В соотношении «знак — реальная действительность» первые служат обозначением второй и в то же самое время являются носителями «обобщенного ее отражения», органически прочно соединяясь с соответствующим понятием или отдельными его признаками, лежащими в основе семантических ценностей языко­вых единиц. Неразрывная связь означаемого (смыслового со­держания) и означающего (знаковой формы) является непремен­ным условием единства языкового знака, поэтому участие язы­ковых знаков (особенно слов) в формировании мыслей, идей, понятий в процессе познания настолько непосредственно, что связь между двумя сторонами словесного знака определяется с точки зрения психологии следующим образом: «... мысль не выражается в слове, она совершается в нем» [14, 268].

С точки зрения диалектико-материалистического решения гносеологического вопроса в формировании знакового значения находят определенное отражение все три взаимосвязанные между собой элементы семиозиса: познающий субъект, познаваемый объект и языковый знак, способствующий процессу познания.

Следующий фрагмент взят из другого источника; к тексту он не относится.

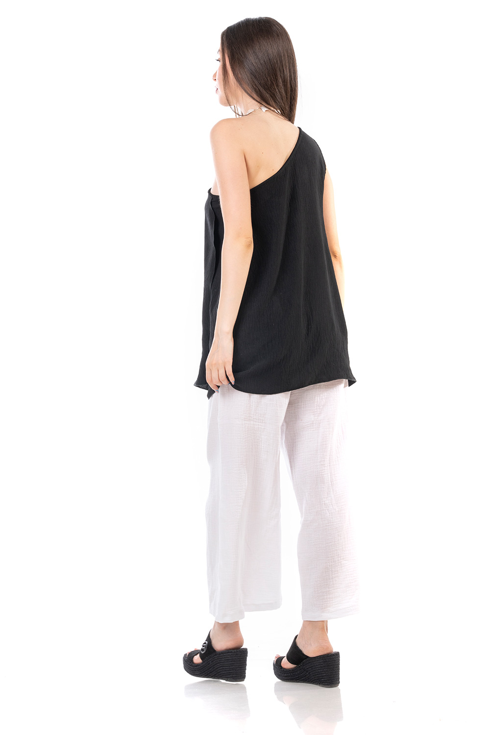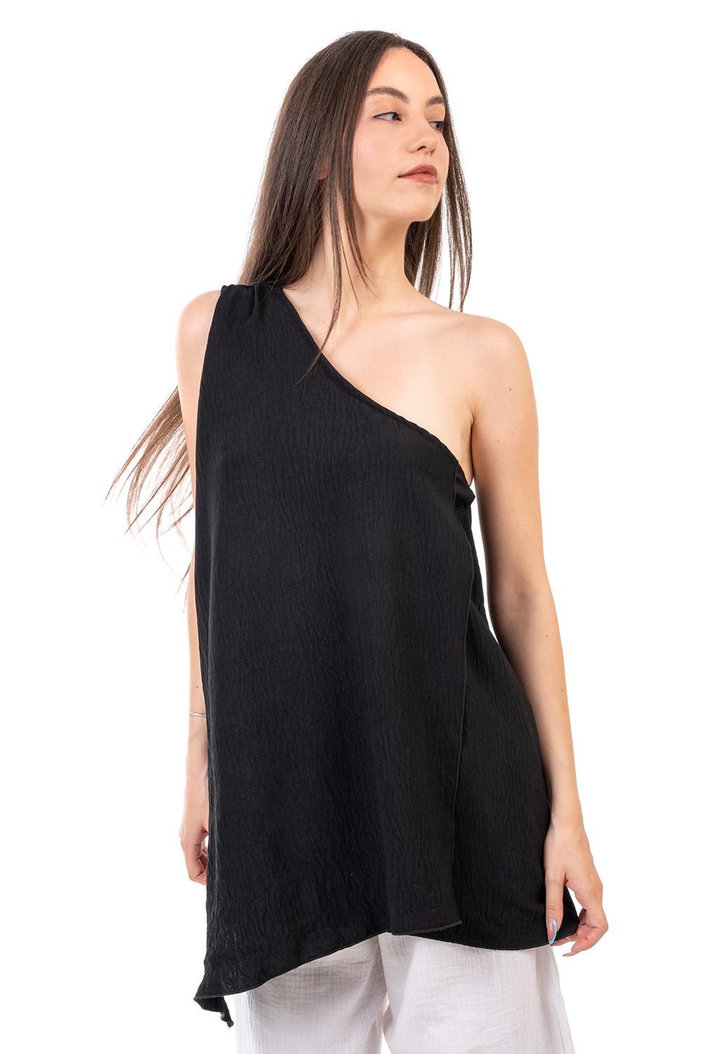 Aσύμμετρο μαύρο τοπ με έναν ώμο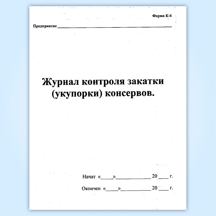 Журнал контроля закатки (укупорки) консервов (форма К-6) в Волгограде купить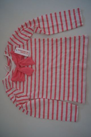 Camisola às riscas brancas e cor-de-rosa para menina, tamanho 7-8 anos. Possui um laço grande e decorativo na frente. - Riscas horizontais brancas e cor-de-rosa. - Laço grande em tecido cor-de-rosa. - Com etiqueta.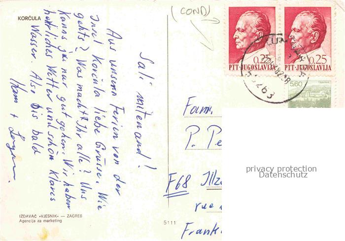 74010366 old postcard Korcula Curzola Croatia Teilansichten postalisch gelaufen Erhaltung siehe scans [WerneD78] KatCode: 11260

Специфическая, т. е. опосредствованная человеческим соз­нанием, связь означающего с означаемым, формы знака с его содержанием, может быть выражена по отношению к слову сле­дующим образом: слово реализует понятие о предмете, им обо­значенном [2, 58].

Основные подходы в решении гносеологического вопроса о сущности языковых знаков разнятся в зависимости от того, какая соотносительная пара факторов семиотического треуголь­ника (схема которого приводится ниже) берется за основную, часто за единственную.<103>

Так, для номиналистов, объективных идеалистов, решающим является отношение «знак — объект» (I), при этом первичным является знак, а объективный мир (предметный ряд) «конструи­руется при помощи знаков». Познающий или воспринимающий субъект исключается из знаковой ситуации.

Для логицистов, представителей логического позитивизма, определяющим служит отношение «субъект — знак» (II). Объек­тивный мир исключается из анализа знаковой репрезентации. Отношение между субъектом и знаками, его умение оперировать знаками, комбинировать их по определенным логическим зако­нам составляет всю сущность знакового процесса.

Для бихевиористов, сторонников биологического прагматиз­ма, наисущественнейшей является ось «субъект — объект» (III), определяющая поведение субъекта в «предметном», эмпириче­ском опыте. Поэтому все факторы, конституирующие семиозис, есть не что иное, как отношение предрасположенности ожида­ния субъекта для целенаправленного поведения.